• _Exercise instructions_:
All lines below between the line with "Fototapeta premium Beautiful" and the line with "om 01:10 u |", including both, must be copied exactly, and the pictures must be omitted.

• _Records provided_:

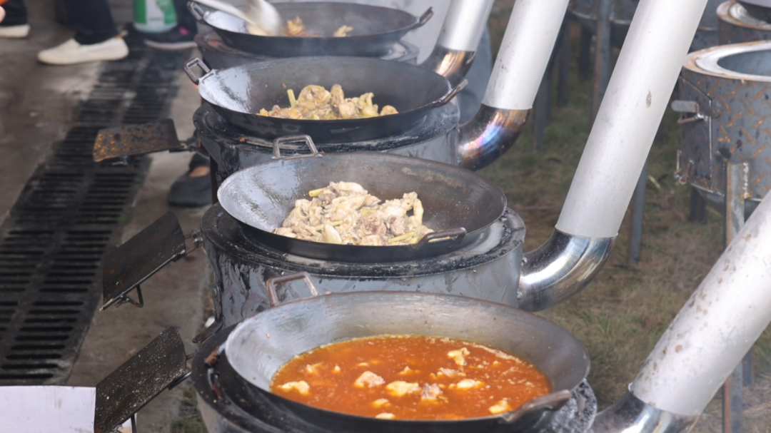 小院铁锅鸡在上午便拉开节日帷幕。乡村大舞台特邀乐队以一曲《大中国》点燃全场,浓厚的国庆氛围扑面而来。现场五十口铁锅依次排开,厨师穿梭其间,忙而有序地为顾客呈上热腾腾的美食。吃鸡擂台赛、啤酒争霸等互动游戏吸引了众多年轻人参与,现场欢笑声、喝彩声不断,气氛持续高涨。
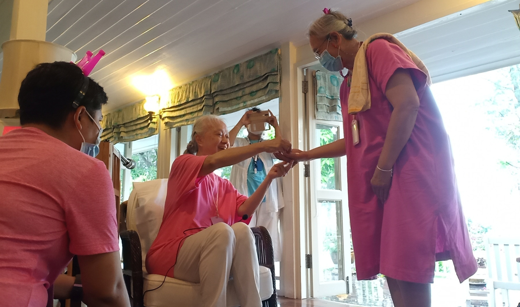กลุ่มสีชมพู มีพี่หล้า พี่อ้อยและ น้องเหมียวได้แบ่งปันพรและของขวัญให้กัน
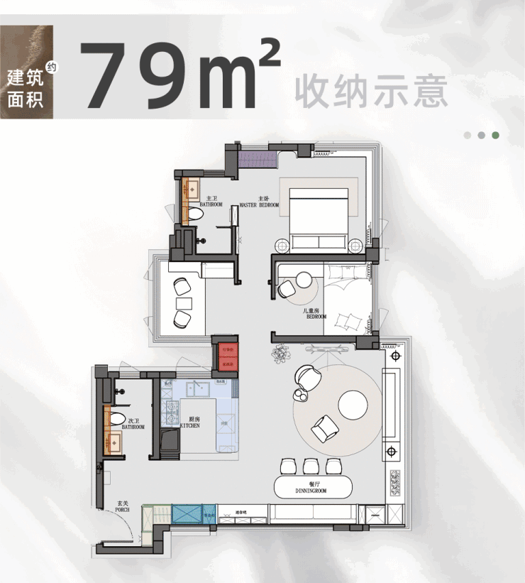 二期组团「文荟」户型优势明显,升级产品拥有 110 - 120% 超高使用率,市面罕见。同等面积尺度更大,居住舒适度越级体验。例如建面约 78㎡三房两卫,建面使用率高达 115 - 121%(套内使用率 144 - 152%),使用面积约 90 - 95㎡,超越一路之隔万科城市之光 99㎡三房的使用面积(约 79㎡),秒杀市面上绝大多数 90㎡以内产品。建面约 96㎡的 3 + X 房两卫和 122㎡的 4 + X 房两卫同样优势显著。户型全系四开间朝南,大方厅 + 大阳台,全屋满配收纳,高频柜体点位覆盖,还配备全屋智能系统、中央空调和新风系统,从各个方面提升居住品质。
--
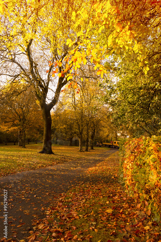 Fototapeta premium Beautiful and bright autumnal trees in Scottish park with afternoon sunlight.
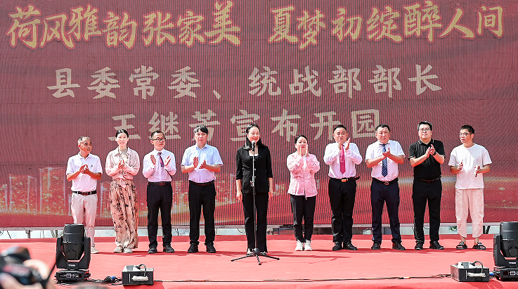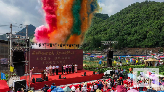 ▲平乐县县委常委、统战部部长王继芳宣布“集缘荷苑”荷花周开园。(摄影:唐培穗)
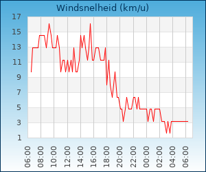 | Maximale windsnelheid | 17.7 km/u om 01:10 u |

• _Answer box_:
 Fototapeta premium Beautiful and bright autumnal trees in Scottish park with afternoon sunlight.
 ▲平乐县县委常委、统战部部长王继芳宣布“集缘荷苑”荷花周开园。(摄影:唐培穗)
 | Maximale windsnelheid | 17.7 km/u om 01:10 u |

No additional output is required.